Equal volumes of 0.240 M AgNO3 and 0.140 M ZnCl2 solution are mixed. Calculate the quilibrium concentrations of Ag+, and Zn2+.

ZnCl2(aq) + 2AgNO3(aq) ==> Zn(NO3)2(aq) + 2AgCl(s)

I would assume a convenient volume of each, say 100 mL, then
(ZnCl2) = (Zn^+2) = 100mL x 0.140M = 14 mmoles/200 mL = 0.070M Zn ion.
(Cl^-) = 2 x 14 = 28 mmoles Cl^-

The Ag^+ is trickier because AgCl is insoluble AND you have some of the Cl^-, which is in excess, acting as a common ion which decreases the solubility of AgCl.
AgCl(s) ==> Ag^+ + Cl^-
Ksp = (Ag^+)(Cl^-) = 1.82E-10
(Ag^+) = Ksp/(Cl^-).
You know Ksp. (Cl^-) is done this way. AgCl formed is 24 mmoles which uses up all of the Ag in the AgCl and 24 of the 28 Cl^- in the ZnCl2. So there are 4 mmoles Cl^- in excess and (Cl^-) = mmoles/mL = 4 mmoles/200 mL = ??
Then substitute that into the (Ag^+) = Ksp/(Cl^-) and solve for Ag^+. I don't know if this was a trick question your prof gave you or if your prof wanted you to be on your toes and recognize that a ppt was formed and there was a common ion present.

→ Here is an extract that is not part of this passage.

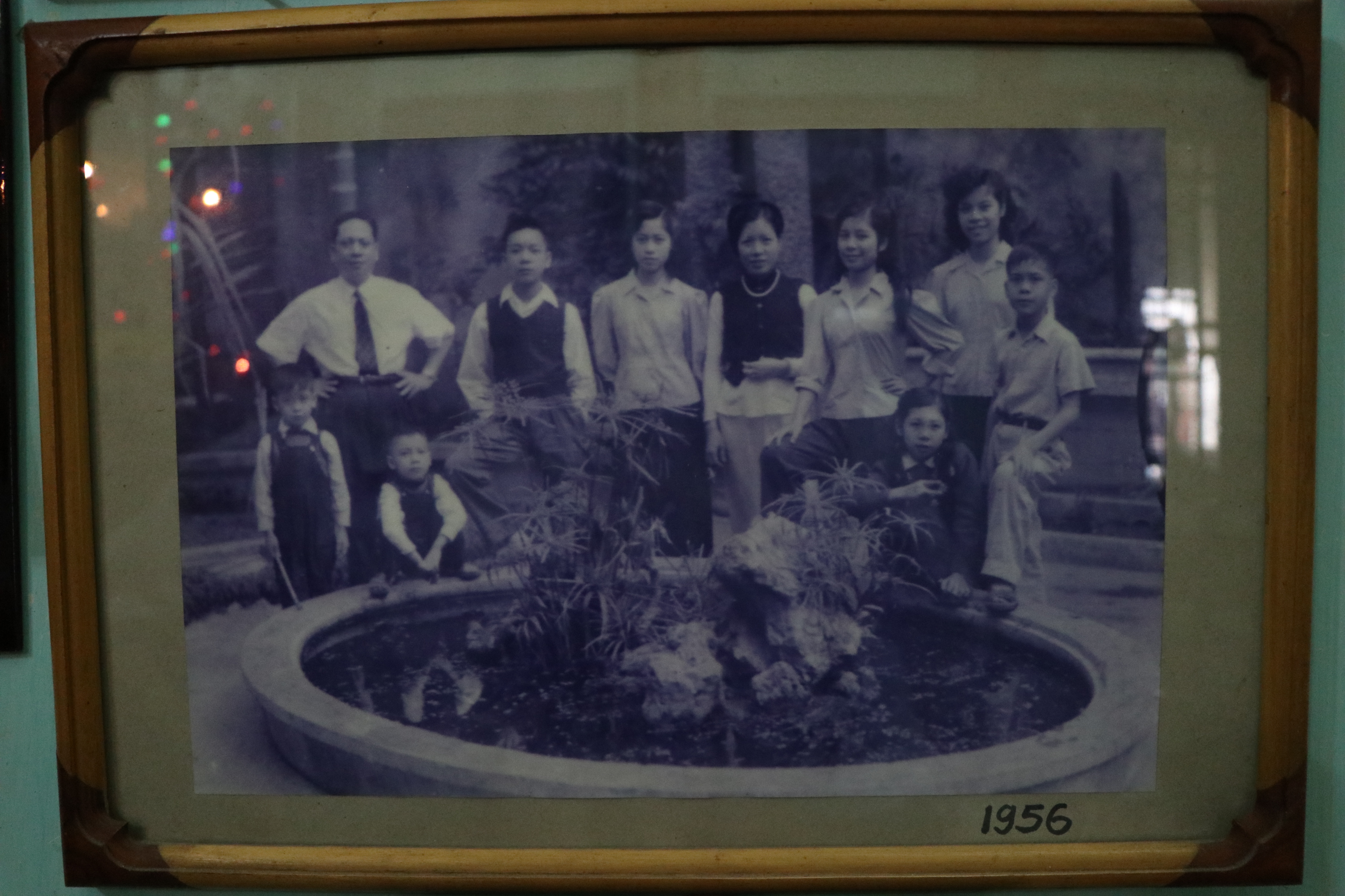 Vợ chồng cụ Thanh bên các con chụp bên hòn non bộ hiện vẫn còn gìn giữ.

To calculate the equilibrium concentrations of Ag+ and Zn2+ ions, we need to use the concept of stoichiometry and the reaction equation between AgNO3 and ZnCl2.

The reaction equation between AgNO3 and ZnCl2 is:

AgNO3 + ZnCl2 → AgCl + Zn(NO3)2

Based on the balanced equation, we can see that one mole of AgNO3 reacts with one mole of ZnCl2 to form one mole of AgCl and one mole of Zn(NO3)2.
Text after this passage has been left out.